The results? Canada's Trade Confidence Index (TCI) score fell to its lowest level in EDC history.
Given the financial crises that accelerated this past November, it's no surprise that exporters were pessimistic about all aspects of their future sales potential. Unlike the previous 5 years, exporters suffered the biggest single drop in confidence for domestic demand. Export businesses often generate additional revenues from sales at home. Looking forward in 2009, 57% of survey respondents expect that Canadian market demand will fall.

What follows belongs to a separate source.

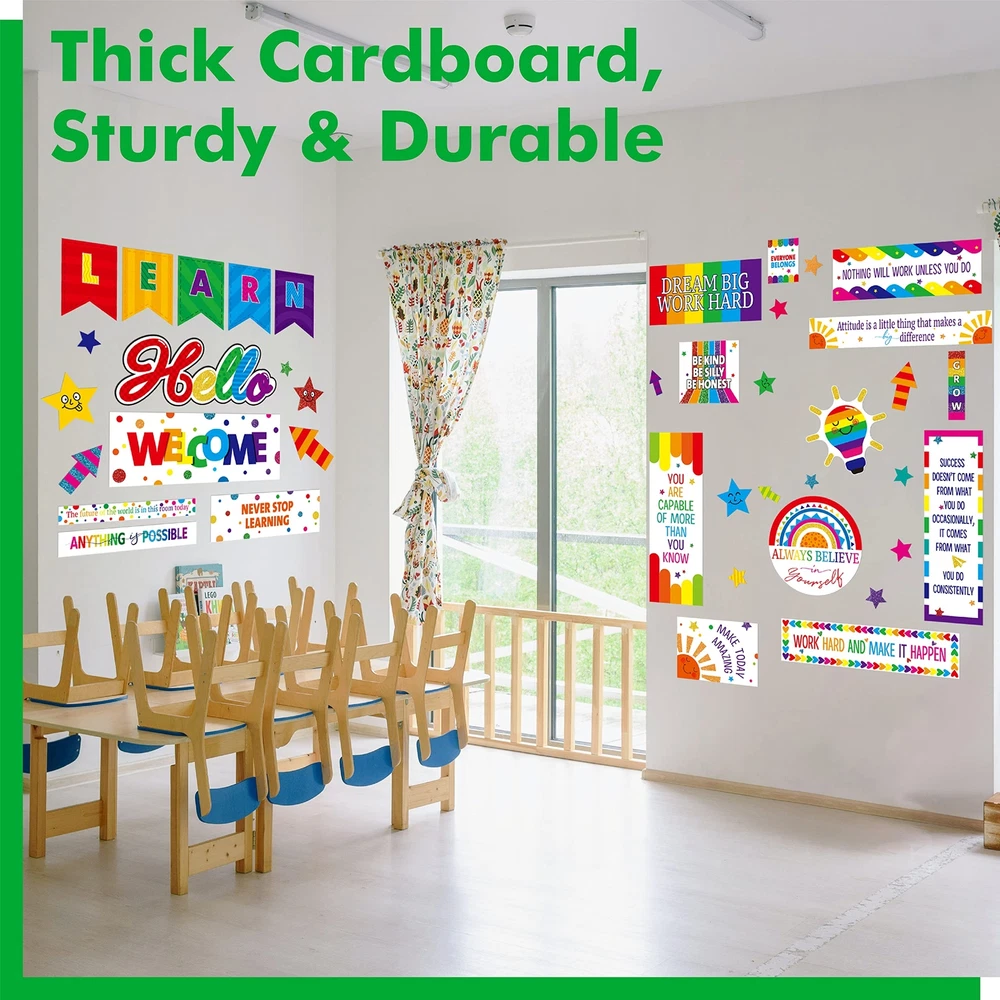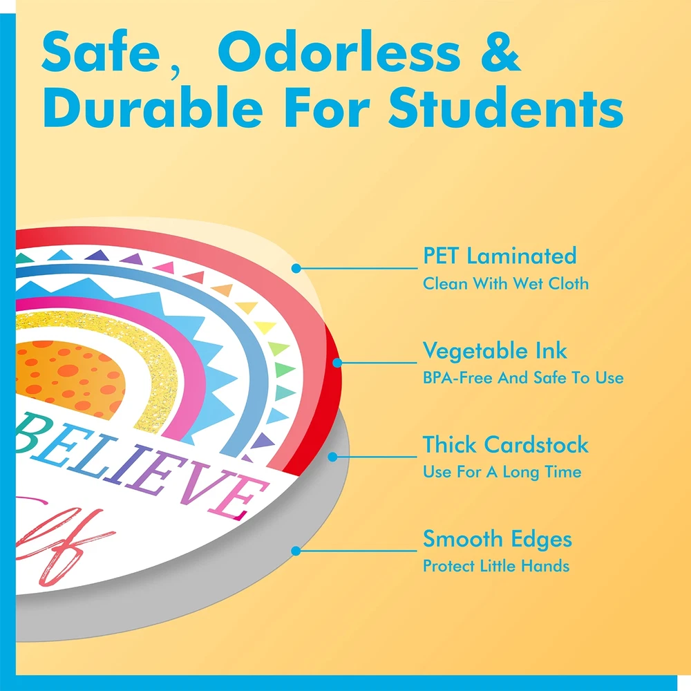 Value Pack: The decoration set comes with 40pcs color style cards, sufficient quantity is quite enough to meet your decorative needs. Motivational words with colorful and eye-catching patterns provide more energy and bring the classroom and bulletin board a new look. Premium Material: The posters are made of sturdy cardstock, durable and handy. Printed with premium vegetable ink, no odd smell and safe to use. Coated with PET film, waterproof, reusable and easy to clean with damp cloth. Unique Design: The bulletin board decor set is in colorful style design, bright-colored and eye-catching. The whole set features inspirational positive sayings in delicate artistic fonts plus various colorful elements, not only visually stunning but also engaging and motivational. Great Decoration: The different quotes are great daily reminders for students to make them try their best and keep a positive attitude. It is a great way for the school year to encourage kids’ responsibility, help them live up to their potential, remind them to think differently about learning. Wide Application: It can be applied as bulletin board decorations, walls, doors, windows, desks. Suitable for different activities, school parties, back to school parties, baby shower, any kids' room and other events. A delicate poster set is ideal for any decoration activity, bringing you more enjoyment.
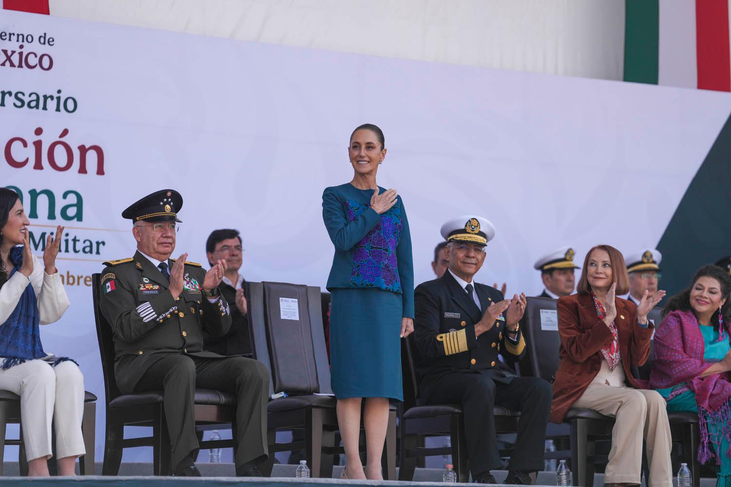 “Quien llama a la violencia, alienta al odio, pide la intervención extranjera, cree que las mujeres son débiles y piensa que la transformación duerme, se equivoca”, señaló frente a miles de asistentes y funcionarios. En el evento, el único integrante del gabinete de seguridad presente fue el secretario Omar García Harfuch.

In addition, 25% of survey participants were also gloomy about short-term export sales. Even though 39% of participants were upbeat about selling more exports, that percentage is 8% lower than just 6 months earlier in 2008.
The most troubling survey finding is that 64% Canadian exporters visualize a worsening global economy. Perhaps this comes down to "if America sneezes, the rest of the world catches a cold."
But there is a silver lining for Canada even if anemic sales growth in more traditional markets like the U.S. is expected to continue. Perhaps because of recent double-digit export gains, one-third of Canadian exporters expect improved opportunities to sell to emerging markets like China, Brazil, India and Eastern Europe.
If Canada can build on its comparative advantages in resources from clean water to uranium as well as in information and communication technology, the Great White North is on its way to even greater long-term trade success.